# So we got the XD 45 ACP 4"...



## xodustrance (Jan 26, 2008)

And all I can say is just WOW.

Love the additional handle saftey. A little stiff new, but my wife will be breaking it in regularly.

Does anyone know a compatible but good quality laser sight?

New to this, so any good make laser sight would be great.


----------



## UNLTD1487 (Feb 4, 2008)

Great choice. I am torn between the .45 and the .40 caliber.

The Streamlight TLR-2 Laser/LED is a great tactical pistol light. $199.99 was the cheapest I found it for. And I am pretty sure there ain't any other place that are cheaper.

I have it and love it. Cant think of any other combo light that can beat this.

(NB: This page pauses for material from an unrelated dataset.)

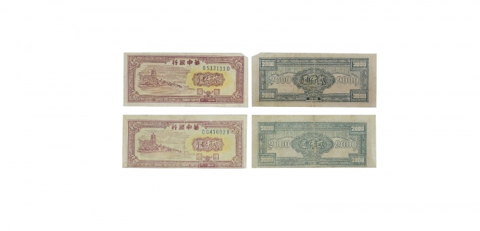 民国三十七年华中银行宝塔图二千元纸钞 一组2张 B513111D、D041693B,10.7*4.5cm10.7*4.6cm
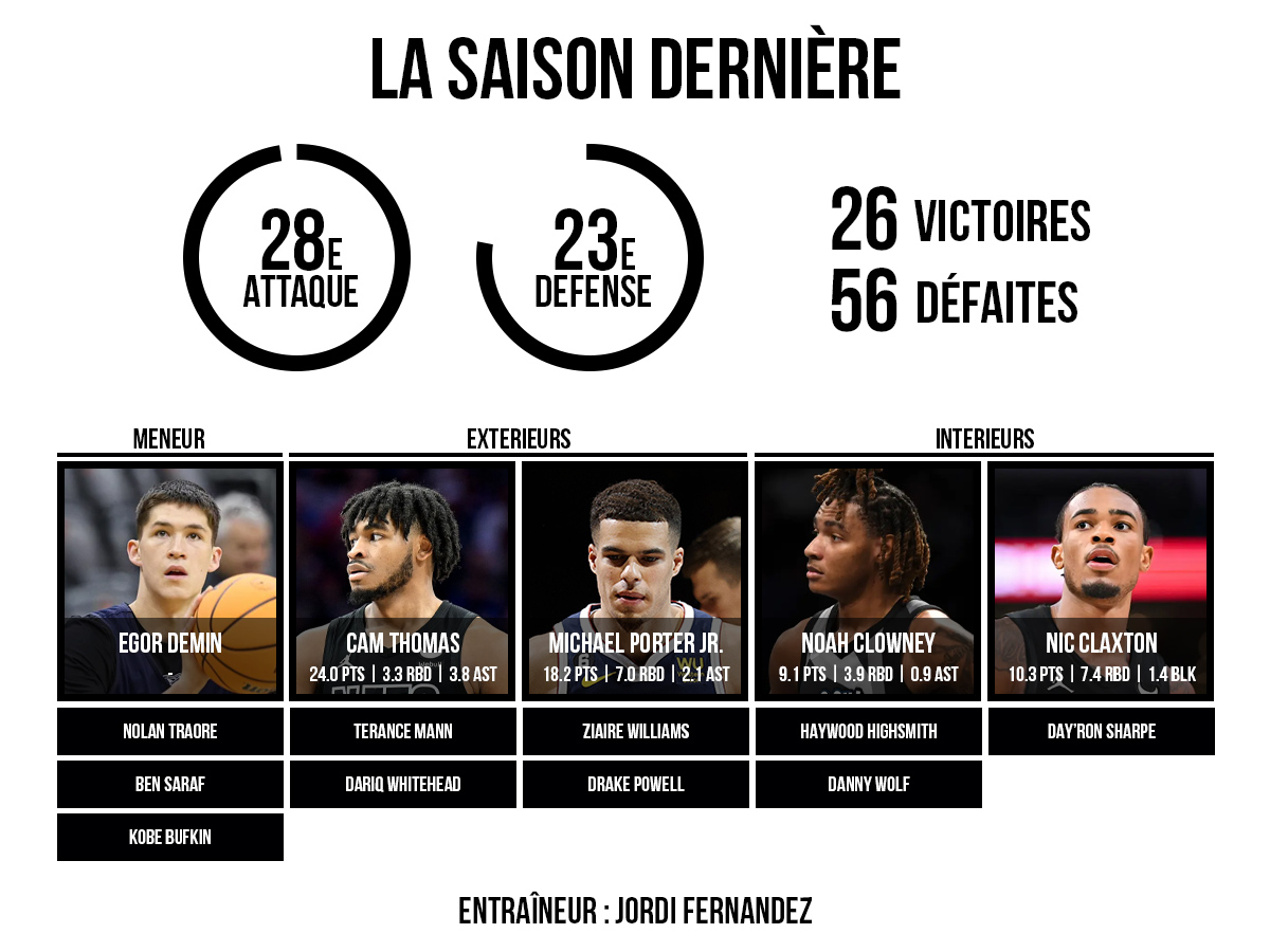 Il ne faudra sans doute pas s’attendre à de la régularité à Brooklyn. De l’envie et du combat seront déjà de bons débuts. Un jeu un peu plus “fun” en attaque aussi, après une saison très moyenne de ce côté du parquet (29e aux points marqués par match, 28e rating offensif, 27e pace) pour le premier exercice de Jordi Fernandez sur le banc. Une opération “tapis” pour espérer terminer dans les hauteurs de la prochaine Draft semble totalement logique, même si elle n’est jamais la garantie d’un choix très haut.

http://www.botachtactical.com/sttlledlila.html


----------



## Todd (Jul 3, 2006)

Crimson Trace. One will be on either my current XD Service or the XD-SC I plan on getting in the future. http://www.crimsontrace.com/Home/Products/SpringfieldArmory/LG445/tabid/315/Default.aspx


----------



## BeefyBeefo (Jan 30, 2008)

+1 on the Crimson Trace.

-Jeff-


----------



## Mike Barham (Mar 30, 2006)

A third vote for the excellent Crimson Trace.


----------



## myxd45 (Jan 18, 2008)

*the best*

http://www.lasermax.com/category.php?id=7


----------